- **Aim of the task**:
Retype the lines from the one containing "Luxuriöse Ferienwohnung mit" through the last line of the entries below, exactly and in full, omitting every image.

↓↓↓

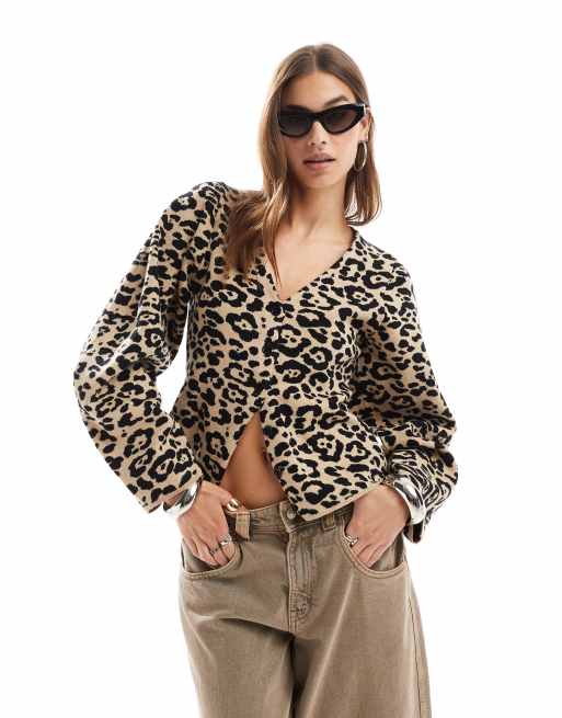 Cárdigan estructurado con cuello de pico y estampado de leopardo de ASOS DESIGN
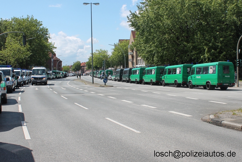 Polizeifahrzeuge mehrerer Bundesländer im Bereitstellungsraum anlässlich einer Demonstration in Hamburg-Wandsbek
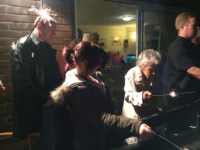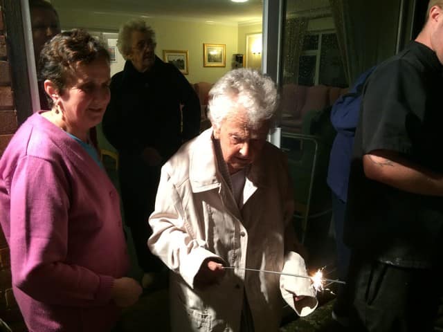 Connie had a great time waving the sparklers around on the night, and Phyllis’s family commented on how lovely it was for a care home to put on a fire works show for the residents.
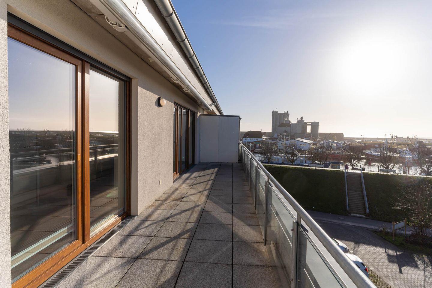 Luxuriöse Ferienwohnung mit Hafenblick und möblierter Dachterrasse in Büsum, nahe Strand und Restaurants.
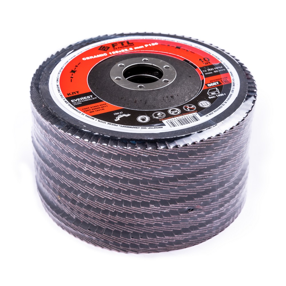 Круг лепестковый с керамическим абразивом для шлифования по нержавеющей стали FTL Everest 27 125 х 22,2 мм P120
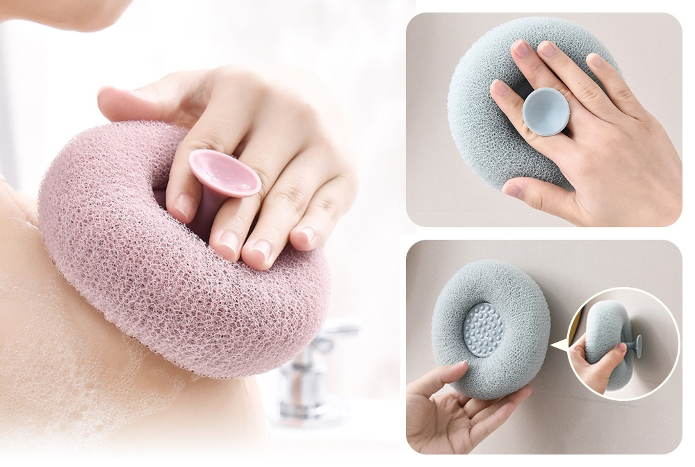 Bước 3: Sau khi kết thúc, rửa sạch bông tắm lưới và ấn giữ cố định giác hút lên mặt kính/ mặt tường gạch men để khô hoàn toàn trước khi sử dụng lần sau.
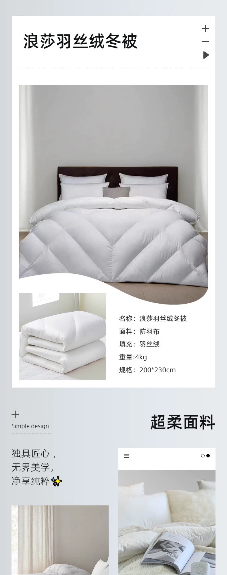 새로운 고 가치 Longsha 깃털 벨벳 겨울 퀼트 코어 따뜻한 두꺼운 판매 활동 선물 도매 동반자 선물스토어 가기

↑↑↑

- **Result of the exercise**:
 Luxuriöse Ferienwohnung mit Hafenblick und möblierter Dachterrasse in Büsum, nahe Strand und Restaurants.
 Круг лепестковый с керамическим абразивом для шлифования по нержавеющей стали FTL Everest 27 125 х 22,2 мм P120
 Bước 3: Sau khi kết thúc, rửa sạch bông tắm lưới và ấn giữ cố định giác hút lên mặt kính/ mặt tường gạch men để khô hoàn toàn trước khi sử dụng lần sau.
 새로운 고 가치 Longsha 깃털 벨벳 겨울 퀼트 코어 따뜻한 두꺼운 판매 활동 선물 도매 동반자 선물스토어 가기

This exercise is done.